A woman steps forward, she is suffering from bleeding and has had this issue for 12 years. Before the bleeding started, she probably would have had a good life and status. We read how she had spent all that she had on doctors trying to get well, yet still she suffered. 12
years since the illness begun, here she is, not only still suffering from this acute gynaecological issue, that would have probably been painful and exhausting but due to the laws she also finds herself ostracised, an outcast in her own town.
In Leviticus 15:19-33 we read about the laws around bleeding, when a woman was bleeding, they were deemed unclean, everything and everyone they touched would also be seen as unclean, during menstruation women had to hide away so as not to dirty others, with everything they touched needing to be cleaned. Once the bleeding finished, they had to wait 7 days before going back to their day to day lives. If the bleeding was like what this woman had, irregular and not normal menstruation on the rare occasion, if ever the bleeding stopped, she would have to wait 7 days, then on the 8 th day, she was required to take a pair of turtle doves or pigeons to the priest, he would use one as a sin offering and the other as a burnt offering to make atonement for this unclean discharge. It was believed that this awful suffering would have been brought on herself through sin. The requirement was for the bleeding to stop and to be able to afford the birds that were needed, and we have already heard how she had spent all that she had on doctors trying to get well – this atonement was not something that was accessible to her. Following those laws and the fact she had been bleeding for 12 years it is highly likely she lived alone and in isolation, shunned by those around her who she used to call her friends, on the occasions she ventured out she would have been required to shout UNCLEAN to warn people of her presence, I imagine people would have stopped looking at her or noticing her and instead would shuffle off to look after themselves whenever she was around.
I wonder what all those people thought as this woman stepped forward, were they thinking about the cleaning rituals they would need to do, just because they were in the same place as she was, how they would be affected? Were they thinking about Jesus, did they think that he had noticed someone touching Him because of what the law meant He would now need to do? How about Jairus? Jesus was on His way to see his daughter, the last hope to save her and now this woman, someone he would have turned his back on and had shunned away from the temple where he led had got in the way. Did Jairus see his last hope slipping away knowing that Jesus would have to turn back, wash himself, his clothes and still be unclean until evening – in which case it would be too late, his child would be dead?
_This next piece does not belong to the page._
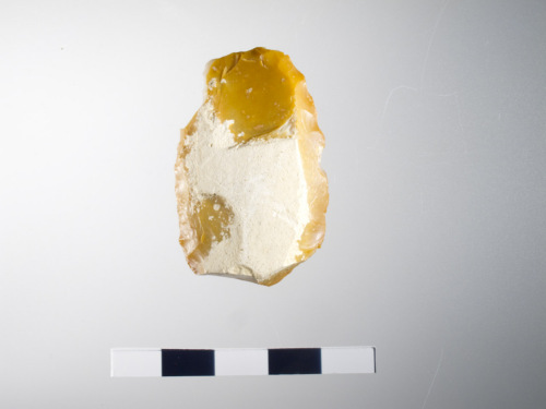 grattatoio frontale con ritocco bilaterale sopraelevato marginale diretto e ritocco complementare piatto prossimale inverso; sulla faccia dorsale si conserva il cortice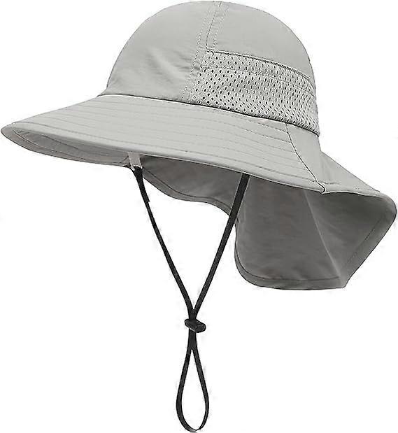 (Gray) Kids sun visor hats, girls and boys neck guard hats, kids fisherman hats, breathable beach hats, toddler summer hats

Jesus was on His way to fulfil a culturally appropriate request, healing a sick child yet when distraction comes along, an interruption by a woman, something that would be deemed an undesirable interaction Jesus stops and he sees her.
As the woman steps forward she is trembling, I think this is quite understandable. She has
gone 12 years being shunned and not noticed, to suddenly being seen and is at the centre of what could turn out to be quite a scandal. The woman falls at the feet of Jesus, as she does so, she pours out her heart, tells Him her story and Jesus stands there, with the crowds watching on and He listens. Jesus sees a woman who is in despair, who has tried everything to help herself, yet the suffering continues. Some might say this woman acted selfishly, putting others at risk of breaking the law, coming between others and God, but Jesus sees her, he sees the bravery, courage and faith it took for her to reach out and touch Him, He does not just heal her physically he restores her spiritually and socially too, He calls her daughter. Jesus affirms her identity publicly, not an identity that is found in law, but an
identity that can only be found in trust, she was a woman of great faith, and he declares
that she brought her own healing into place, not through the money spent on doctors, or
through following the law, but through her trust in Him. He redefined her to who she really
was before God, she had known this in her own heart and had found the courage to move
into action and claim it, by reaching out and touching the cloak of this man, Jesus, the same
man who Jairus, a man of power had also knelt before.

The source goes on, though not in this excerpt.